-------- PROVIDED RECORDS --------

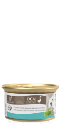 Skład: mięso i podroby (100% gęsi), minerały, dekstroza, mąka łubinowa, olej słonecznikowy. DODATKI NA KG: Dodatki dietetyczne: 3a672a/witamina A 1220 j.m., 3a671/witamina D3 150 j.m., 3a700/witamina E 11 mg, 3c440/L-tryptofan wytwarzany w drodze fermentacji z E. coli KCCM 11132P 31,57 mg, tauryna 490 mg, 3b405 (Miedź 1,2 mg). Dodatki organoleptyczne: wyciąg z liści melisy lekarskiej 18,96 mg, wyciąg z korzenia kozłka lekarskiego 15,79 mg, nalewka z zingiber officinale 12,0 mg. Wilgotność: 81,0%.
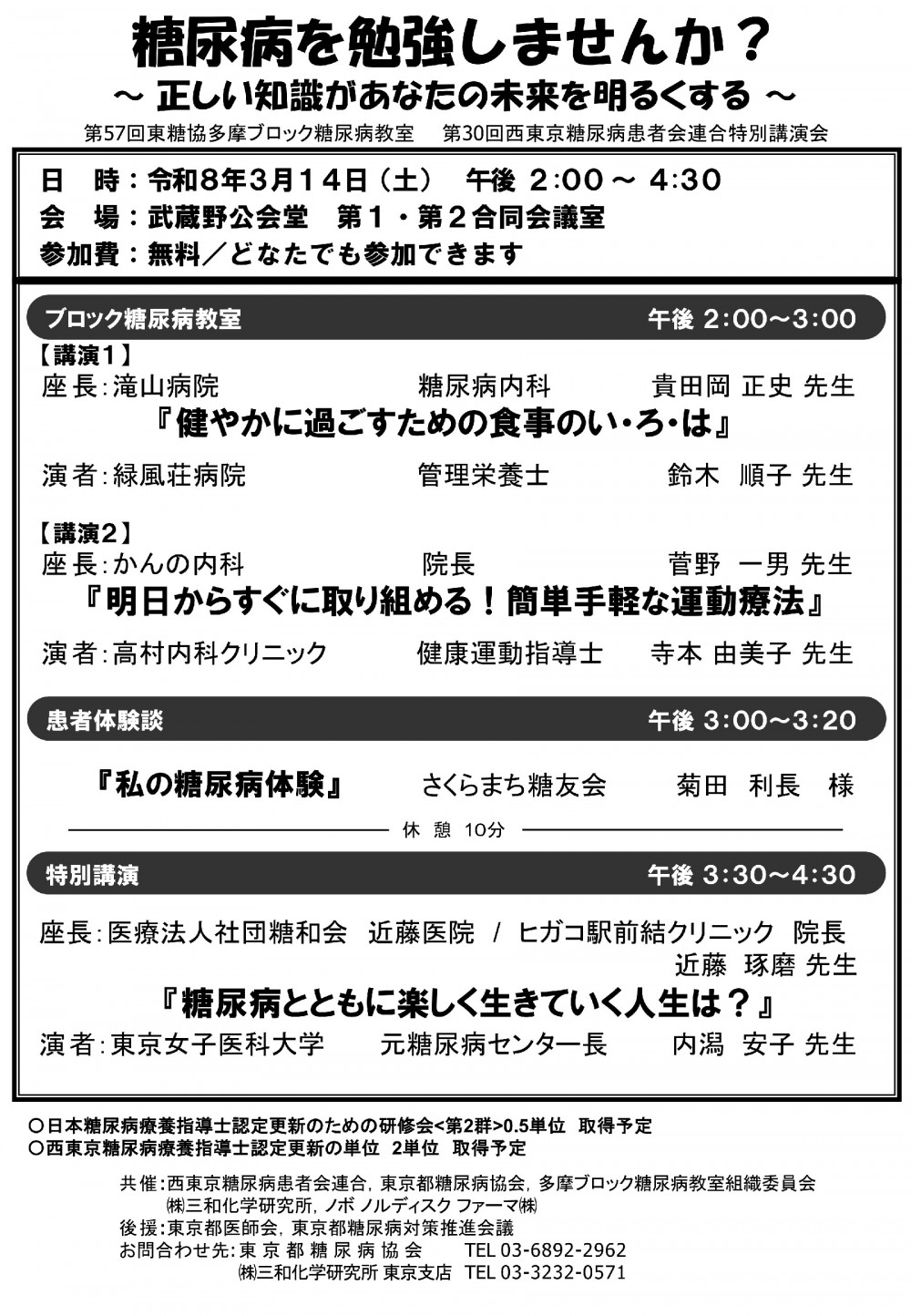 - 第57回東糖協多摩ブロック糖尿病教室 第30回西東京糖尿病患者会連合特別講演会
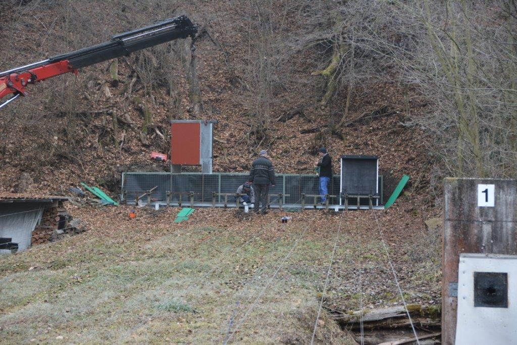 Ab 8.15 Uhr erwartete der Präsident die Mannschaft. 9.15 Uhr war dann die Ankunft. Die Einfahrt ins Schiessgelände erwies sich als äusserst heikel, es hatte keine 3 cm Luft links und rechts zu Torpfosten und Dachkante. Bald war der LKW am gewünschten Ort und die Stützen ausgefahren. Gut ausgerüstet, richteten die Mannen den Bauplatz, einige Brauen auf dem Betonfundament mussten noch weggespitzt werden und schon konnten die Sockelschienen verlegt werden.
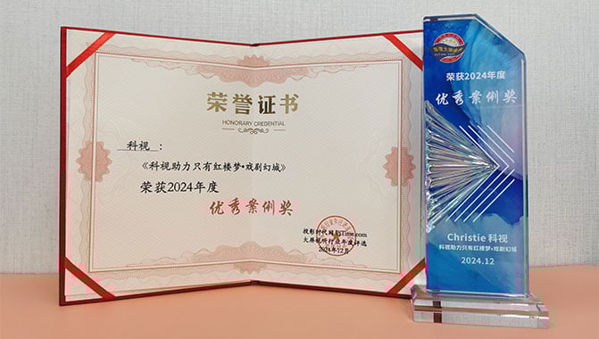 In collaboration with its partner Beijing Zhongqing Display Technology, Christie contributed to the success of the “Unique Dream of Red Mansions” theatrical park in Langfang, Hebei Province. This project was recognized by local trade publication PJ Time with the “2024 Excellent Case Study Award,” showcasing Christie’s remarkable capabilities in large-scale cultural tourism applications.
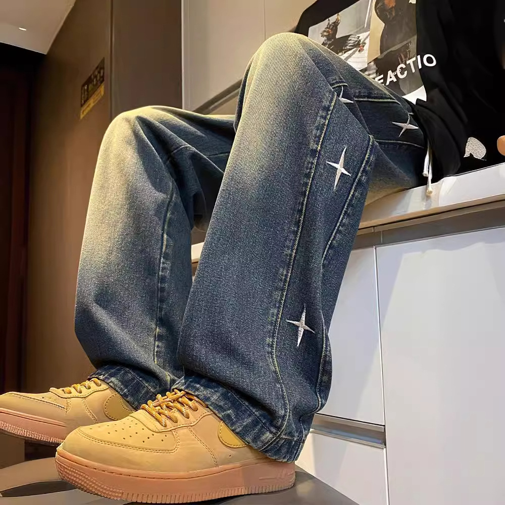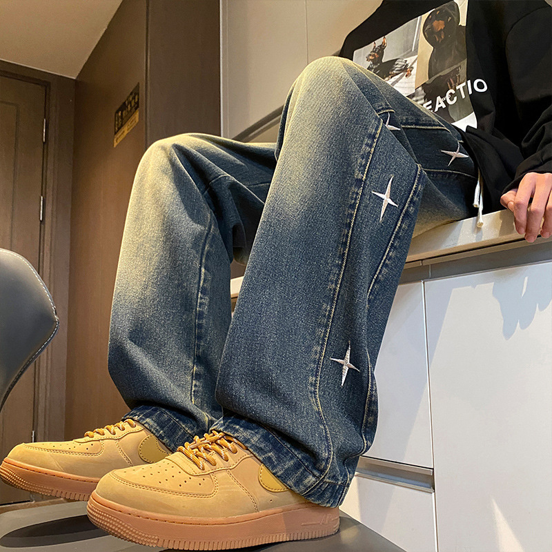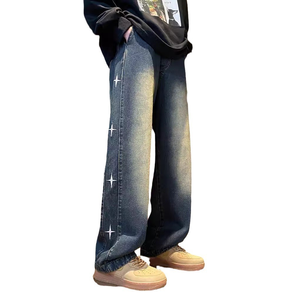 美式高街hiphop星星刺绣牛仔裤男春秋夏季薄款宽松直筒男生长裤子
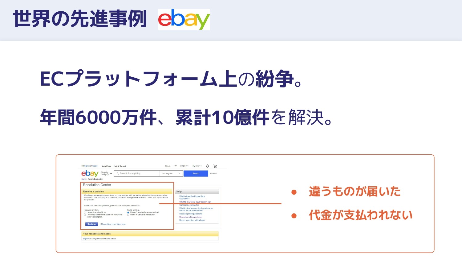 eBay、日本で言うヤフオクでは年間6,000万件ものトラブルが、裁判所ではなくODRで解決されています。
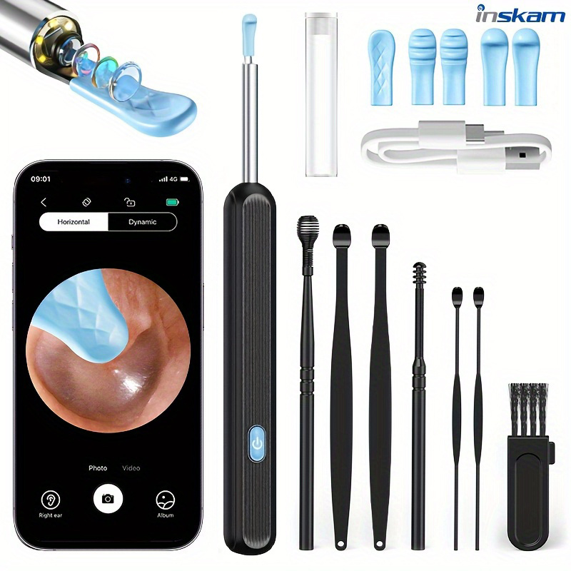 Kamera va yoritgich bilan quloq tozalagich, batareya yoki USB orqali quvvatlanadi. Barcha telefonlar bilan mos keladigan 7 ta quloq qoshiqni o'z ichiga oladi. Brend: INSKAM.
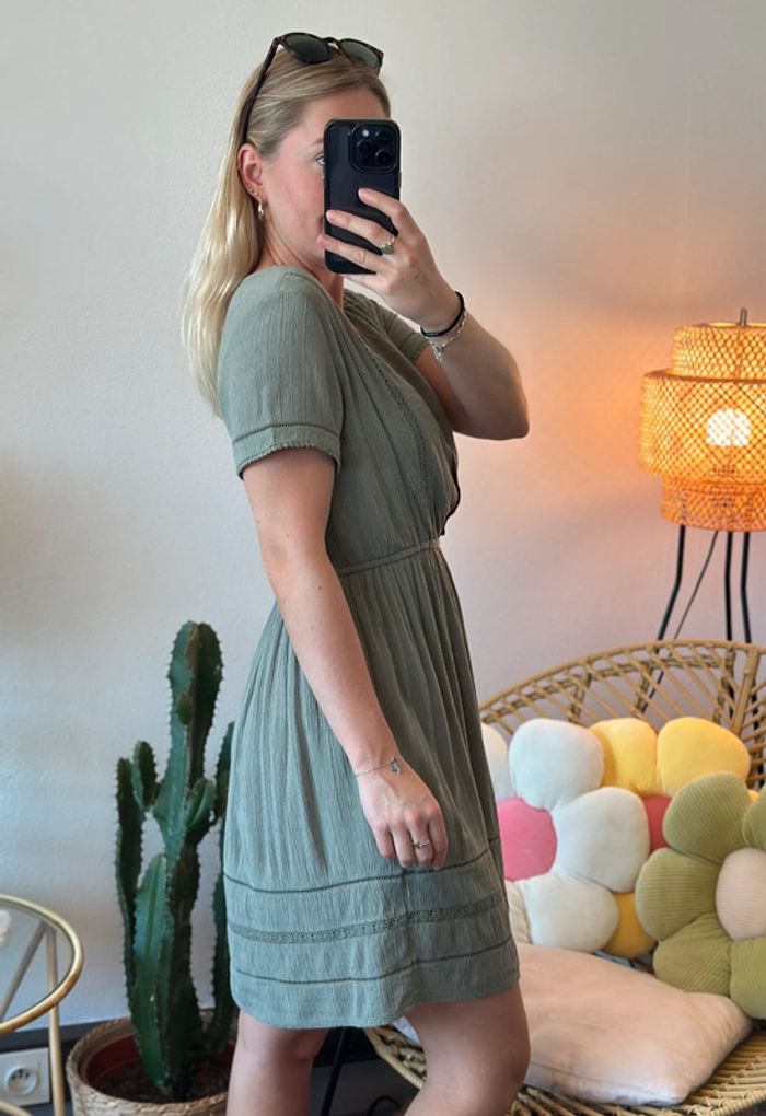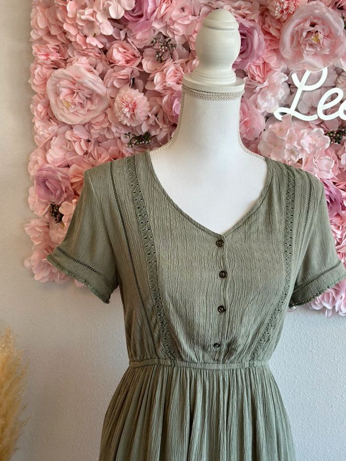 Robe midi kaki avec détails en dentelle ajourée, taille S - IKKS - photo numéro 2

--------

TASK DIRECTIONS: The reply must match the records exactly, apart from the pictures, which are left out.

RESPONSE AREA:
 Skład: mięso i podroby (100% gęsi), minerały, dekstroza, mąka łubinowa, olej słonecznikowy. DODATKI NA KG: Dodatki dietetyczne: 3a672a/witamina A 1220 j.m., 3a671/witamina D3 150 j.m., 3a700/witamina E 11 mg, 3c440/L-tryptofan wytwarzany w drodze fermentacji z E. coli KCCM 11132P 31,57 mg, tauryna 490 mg, 3b405 (Miedź 1,2 mg). Dodatki organoleptyczne: wyciąg z liści melisy lekarskiej 18,96 mg, wyciąg z korzenia kozłka lekarskiego 15,79 mg, nalewka z zingiber officinale 12,0 mg. Wilgotność: 81,0%.
 - 第57回東糖協多摩ブロック糖尿病教室 第30回西東京糖尿病患者会連合特別講演会
 Ab 8.15 Uhr erwartete der Präsident die Mannschaft. 9.15 Uhr war dann die Ankunft. Die Einfahrt ins Schiessgelände erwies sich als äusserst heikel, es hatte keine 3 cm Luft links und rechts zu Torpfosten und Dachkante. Bald war der LKW am gewünschten Ort und die Stützen ausgefahren. Gut ausgerüstet, richteten die Mannen den Bauplatz, einige Brauen auf dem Betonfundament mussten noch weggespitzt werden und schon konnten die Sockelschienen verlegt werden.
 In collaboration with its partner Beijing Zhongqing Display Technology, Christie contributed to the success of the “Unique Dream of Red Mansions” theatrical park in Langfang, Hebei Province. This project was recognized by local trade publication PJ Time with the “2024 Excellent Case Study Award,” showcasing Christie’s remarkable capabilities in large-scale cultural tourism applications.
 美式高街hiphop星星刺绣牛仔裤男春秋夏季薄款宽松直筒男生长裤子
 eBay、日本で言うヤフオクでは年間6,000万件ものトラブルが、裁判所ではなくODRで解決されています。
 Kamera va yoritgich bilan quloq tozalagich, batareya yoki USB orqali quvvatlanadi. Barcha telefonlar bilan mos keladigan 7 ta quloq qoshiqni o'z ichiga oladi. Brend: INSKAM.
 Robe midi kaki avec détails en dentelle ajourée, taille S - IKKS - photo numéro 2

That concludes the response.